*** Begin section ***

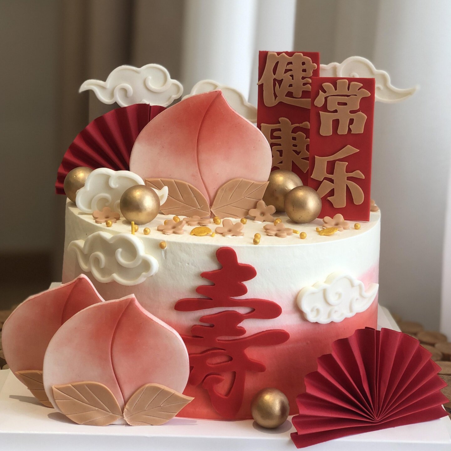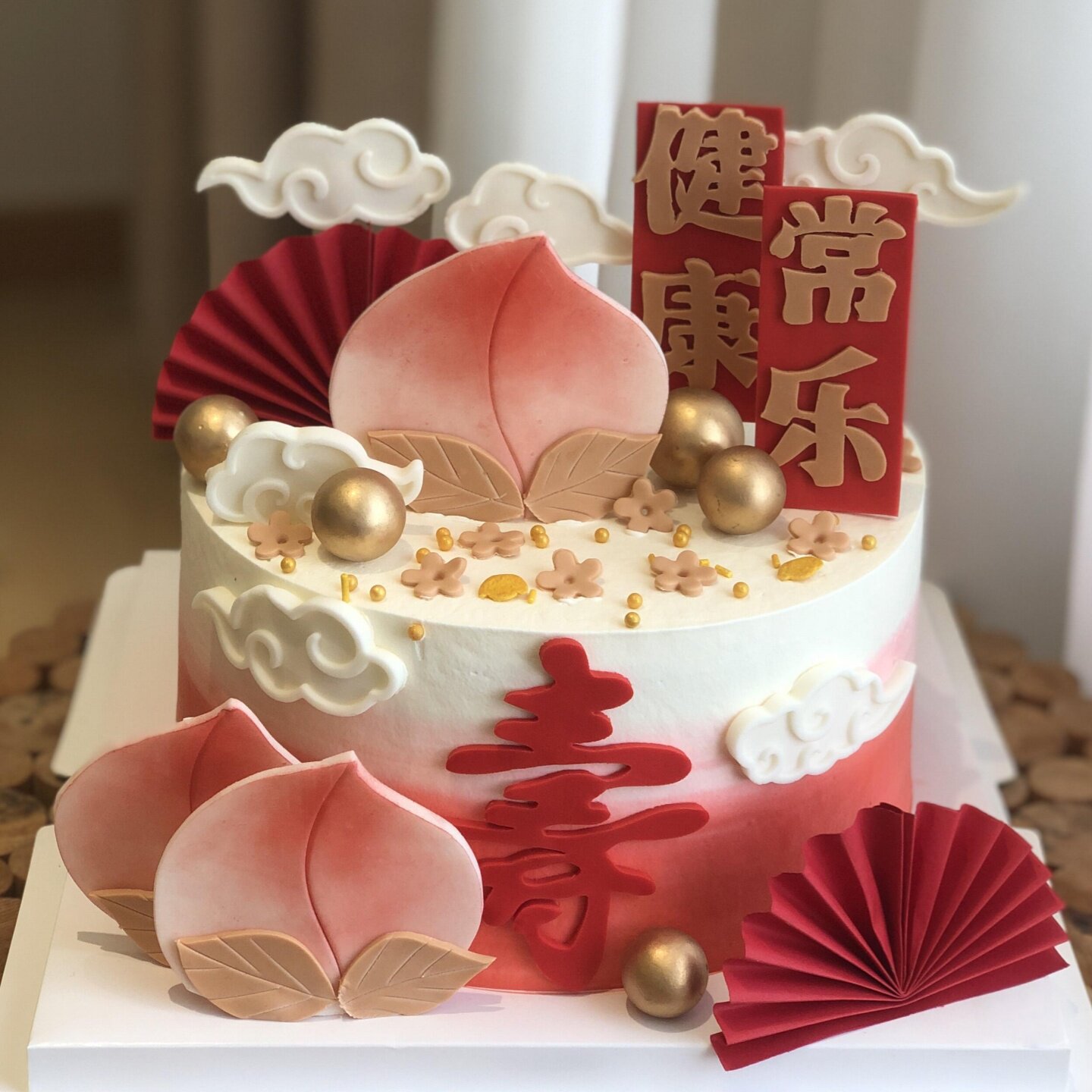 淘宝健康常乐祝寿蛋糕装饰寿桃祥云红色扇子爷爷奶奶生日烘焙装扮插件
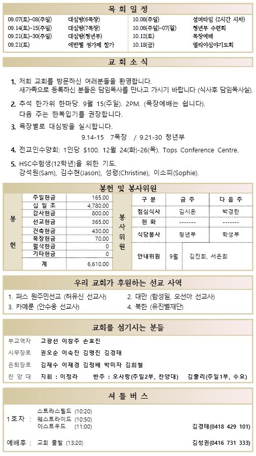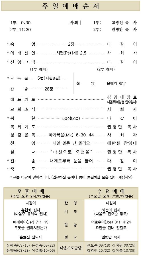09.15 예배순서와 교회소식
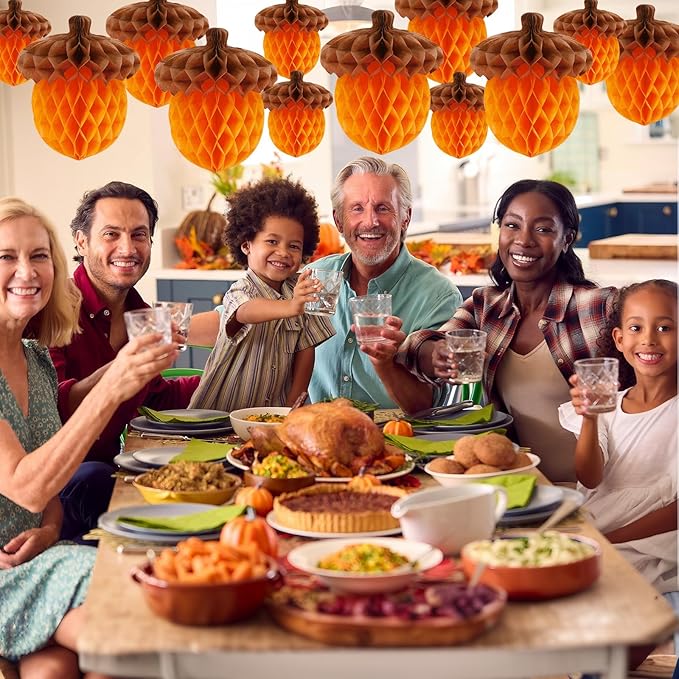 - Package Content: You will receive 15 pieces fall acorn honeycomb decorations in 3 sizes, 15 cm(7 pieces), 20 cm(5 pieces) and 25 cm(3 pieces). Rich in color and full in three dimensions, acorns for decorations create a warm and romantic autumn atmosphere, and hang at random to create a rich visual level
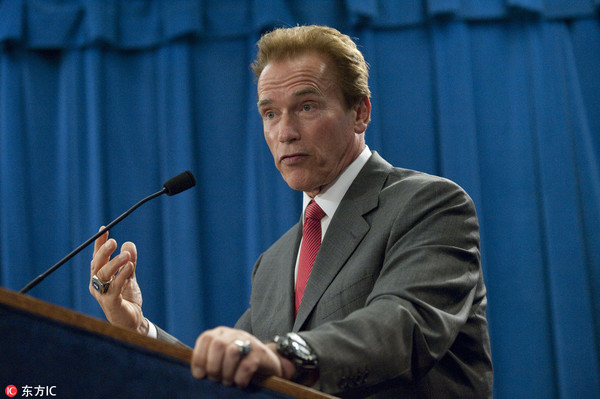 【“终结者”施瓦辛格】2003年11月17日,施瓦辛格宣誓就任美国加州第38任州长。作为健美运动员时,施瓦辛格曾获得“环球先生”、“ 奥林匹亚先生“等多项殊荣。(新华网国际频道 徐海知)
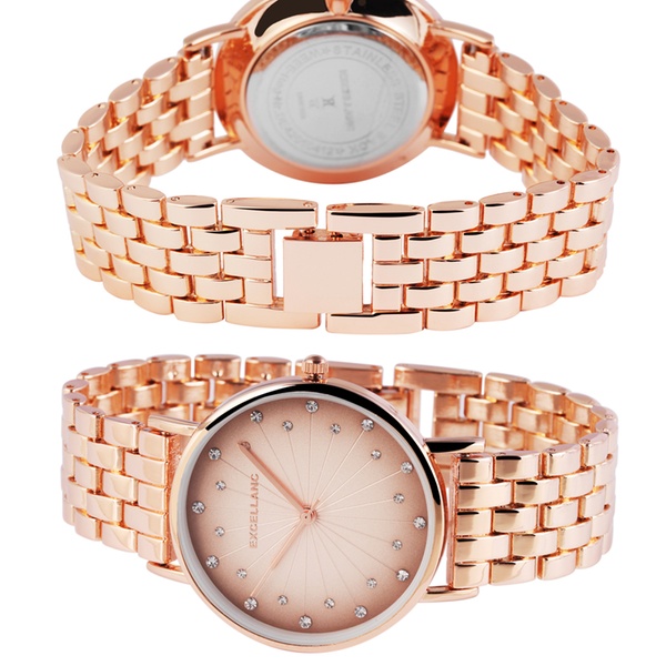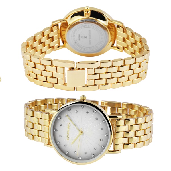 Elegante Damen-Uhr mit Kristallen von Excellanc mit Analog-Anzeige, Falschließe und hochwertigem Quarzwerk
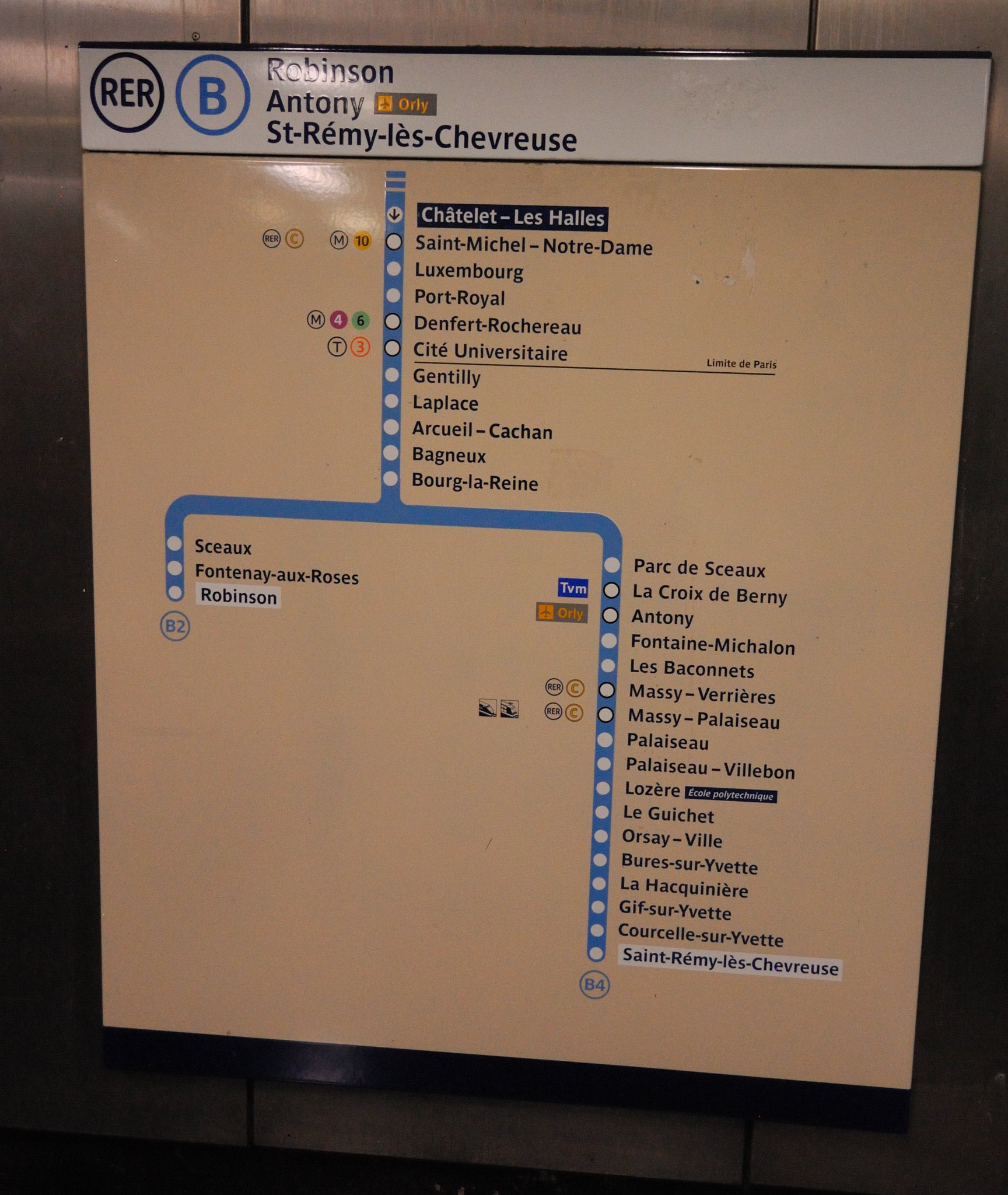 Walking through the Châtelet – Les Halles Métro labyrinth on our way to the RER B to Luxembourg.
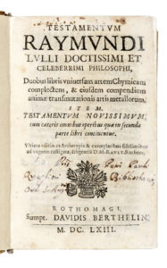 LULL Ramon, Testamentum [...] duobus libris universam artem chymicam complectens. Rothomagi : sumpr. Davidis Berthelin, 1663. 2 parti in 1 volume in-8° (mm 160x100).
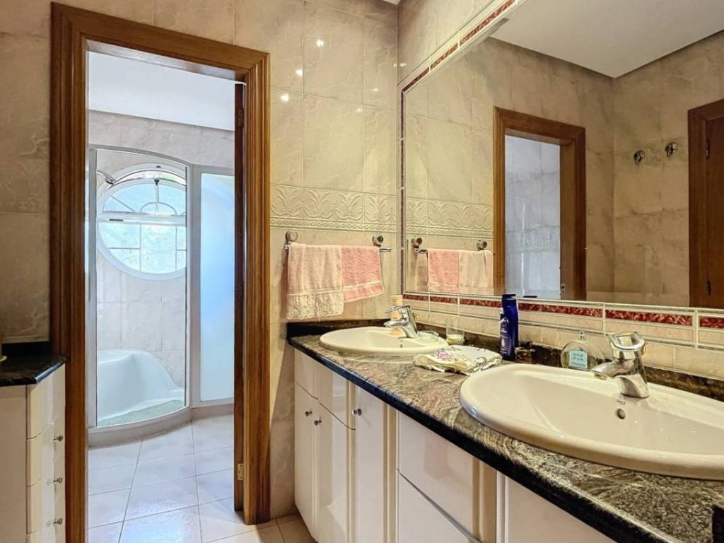 Magnífico chalet con gran parcela sito en una ubicación privilegiada en Benidorm, cercano a todos los servicios. La propiedad cuenta con una superficie construida de unos 500 metros, además de, unos 10.000 metros pertenecientes a la parcela. La vivienda se distribuye en 3 plantas. La planta baja consta de hall de entrada, una sala auxiliar, un amplio y luminoso salón comedor con chimenea, este cuenta con acceso directo a toda la zona exterior. En la misma planta se encuentra una amplia cocina con galería la cual está completamente amueblada y equipada, además de 1 habitación y 1 baño completo. En la planta superior consta de 3 suites, todas cuenta con baño privado, desde la habitación principal podremos acceder a una terraza de grandes dimensiones, desde la cual podremos disfrutar de una amplias vistas panorámicas. La planta sótano cuenta con un espacio diáfano, además de, 1 sala de máquinas y 1 bodega. Nos permitirá poder albergar un gran número de pertenencias, además de, 3 vehículos. El equipamiento de la casa es muy extenso, cuenta con chimenea, ventanas de doble acristalamiento, rejas de seguridad, contraventanas, acondicionado, calefacción central mediante radiadores, armarios empotrados, sistema de riego automático, puerta de garaje eléctrica, entre otros. En la zona exterior nos podremos encontrar un jardin de ensueño, una coqueta barbacoa, zona de cultivo, además de, una magnífica piscina rodeada de una muy bonita y cuidada zona ajardinada.
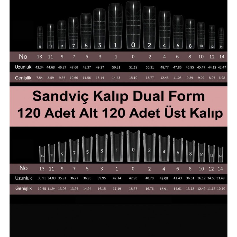 Protez tırnak uygulamalarında doğal ve klasik görünüm elde etmek isteyenler için Küt Sandviç Kalıp Dual Form Seti, vazgeçilmez bir üründür.
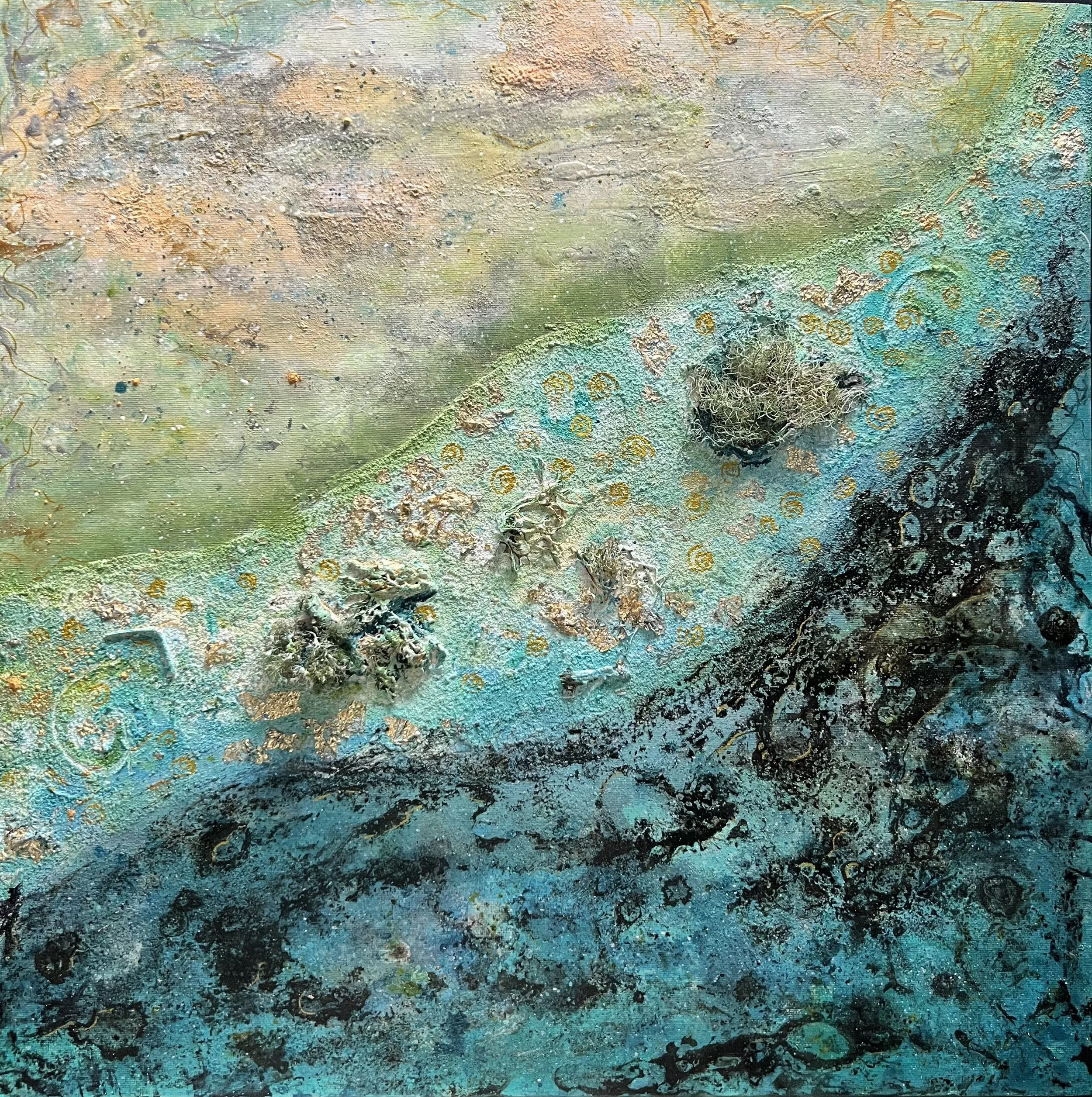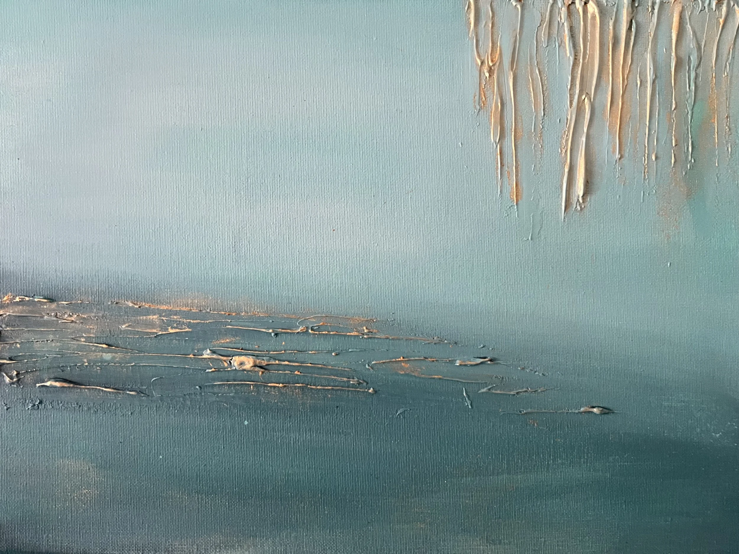Las texturas —rugosas, heridas, luminosas— funcionan como capas de recuerdo: lo que la vida arrastró y lo que decidió quedarse. El azul verdoso abre profundidad; los verticales dorados descienden como ecos que no se apagan.

*** End section ***

Problem details —
Copy out the entries verbatim and leave the images out.

Solved exercise —
 淘宝健康常乐祝寿蛋糕装饰寿桃祥云红色扇子爷爷奶奶生日烘焙装扮插件
09.15 예배순서와 교회소식
 - Package Content: You will receive 15 pieces fall acorn honeycomb decorations in 3 sizes, 15 cm(7 pieces), 20 cm(5 pieces) and 25 cm(3 pieces). Rich in color and full in three dimensions, acorns for decorations create a warm and romantic autumn atmosphere, and hang at random to create a rich visual level
 【“终结者”施瓦辛格】2003年11月17日,施瓦辛格宣誓就任美国加州第38任州长。作为健美运动员时,施瓦辛格曾获得“环球先生”、“ 奥林匹亚先生“等多项殊荣。(新华网国际频道 徐海知)
 Elegante Damen-Uhr mit Kristallen von Excellanc mit Analog-Anzeige, Falschließe und hochwertigem Quarzwerk
 Walking through the Châtelet – Les Halles Métro labyrinth on our way to the RER B to Luxembourg.
 LULL Ramon, Testamentum [...] duobus libris universam artem chymicam complectens. Rothomagi : sumpr. Davidis Berthelin, 1663. 2 parti in 1 volume in-8° (mm 160x100).
 Magnífico chalet con gran parcela sito en una ubicación privilegiada en Benidorm, cercano a todos los servicios. La propiedad cuenta con una superficie construida de unos 500 metros, además de, unos 10.000 metros pertenecientes a la parcela. La vivienda se distribuye en 3 plantas. La planta baja consta de hall de entrada, una sala auxiliar, un amplio y luminoso salón comedor con chimenea, este cuenta con acceso directo a toda la zona exterior. En la misma planta se encuentra una amplia cocina con galería la cual está completamente amueblada y equipada, además de 1 habitación y 1 baño completo. En la planta superior consta de 3 suites, todas cuenta con baño privado, desde la habitación principal podremos acceder a una terraza de grandes dimensiones, desde la cual podremos disfrutar de una amplias vistas panorámicas. La planta sótano cuenta con un espacio diáfano, además de, 1 sala de máquinas y 1 bodega. Nos permitirá poder albergar un gran número de pertenencias, además de, 3 vehículos. El equipamiento de la casa es muy extenso, cuenta con chimenea, ventanas de doble acristalamiento, rejas de seguridad, contraventanas, acondicionado, calefacción central mediante radiadores, armarios empotrados, sistema de riego automático, puerta de garaje eléctrica, entre otros. En la zona exterior nos podremos encontrar un jardin de ensueño, una coqueta barbacoa, zona de cultivo, además de, una magnífica piscina rodeada de una muy bonita y cuidada zona ajardinada.
 Protez tırnak uygulamalarında doğal ve klasik görünüm elde etmek isteyenler için Küt Sandviç Kalıp Dual Form Seti, vazgeçilmez bir üründür.
Las texturas —rugosas, heridas, luminosas— funcionan como capas de recuerdo: lo que la vida arrastró y lo que decidió quedarse. El azul verdoso abre profundidad; los verticales dorados descienden como ecos que no se apagan.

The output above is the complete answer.